Excerpts from a dataset:
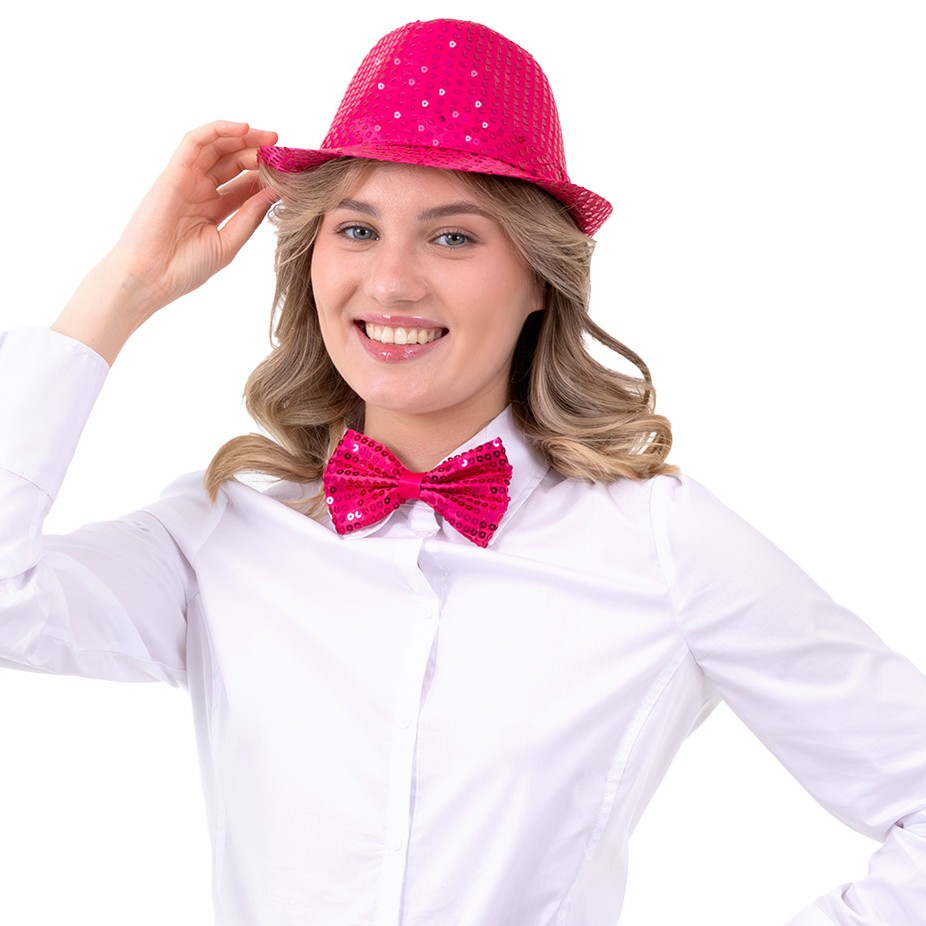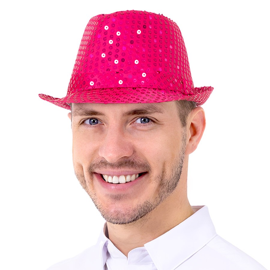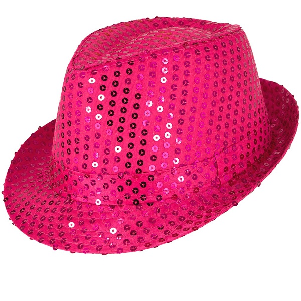 Růžový klobouk s flitry je elegantní a slušivý a je určený pro dospělé. Je nápadný díky flitrům, které jsou rozseté po celé ploše klobouku.
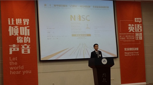 本次中国日报社“21世纪•可口可乐杯”全国英语演讲比赛北京决赛由北航英语精英班具体组织承办,2015级精英班员工李思颖和冯鑫程担任主持人,精英班外教Dillon担任提问嘉宾,来利国际旗舰厅教师胥国红、王泉为指导教师。
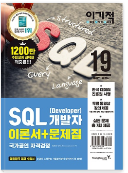 📝노란 책만큼 많이 보는 교재! 이 책의 가장 큰 장점은 아무래도 이론이 함께 정리되어있다는 점입니다. SQL에 대한 기본지식이 없는 상태에서 문제를 풀려면 정말 막막하기 때문에 시험에 나오는 이론 정리를 한 번 하고 뒤에 있는 모의고사와 실전문제를 푸는 것도 도움이 될 것 같습니다.
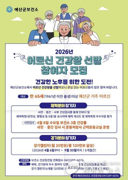(케이엠뉴스) 예산군보건소는 어르신의 자발적인 신체활동 참여를 유도하고 건강한 노후생활을 지원하기 위해 ‘2026년 어르신 건강왕 선발’ 참가자를 모집한다고 밝혔다.
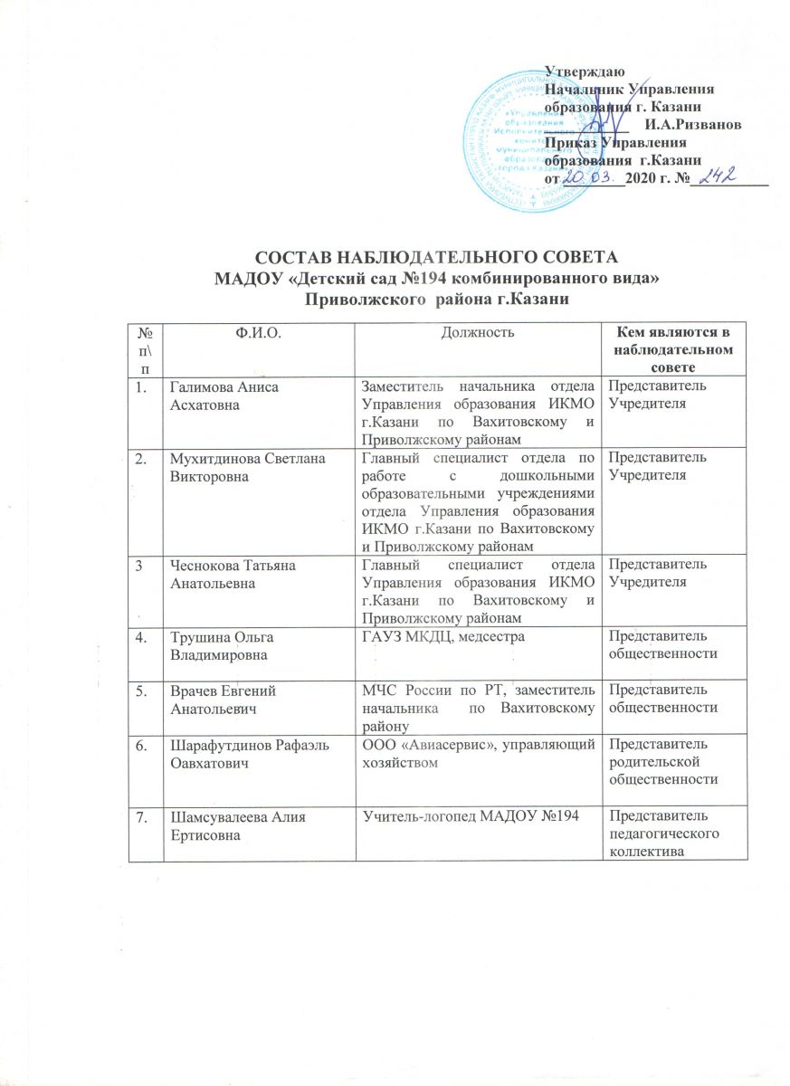 Состав наблюдательного совета МАДОУ № 194 от 20.03.2020 г.

■ Activity ■
The line containing "도움이 될 것 같습니다." marks the start: set down exactly that line and every line after it through the last line of the data, without any pictures.

■ Solution to this exercise ■
 📝노란 책만큼 많이 보는 교재! 이 책의 가장 큰 장점은 아무래도 이론이 함께 정리되어있다는 점입니다. SQL에 대한 기본지식이 없는 상태에서 문제를 풀려면 정말 막막하기 때문에 시험에 나오는 이론 정리를 한 번 하고 뒤에 있는 모의고사와 실전문제를 푸는 것도 도움이 될 것 같습니다.
(케이엠뉴스) 예산군보건소는 어르신의 자발적인 신체활동 참여를 유도하고 건강한 노후생활을 지원하기 위해 ‘2026년 어르신 건강왕 선발’ 참가자를 모집한다고 밝혔다.
 Состав наблюдательного совета МАДОУ № 194 от 20.03.2020 г.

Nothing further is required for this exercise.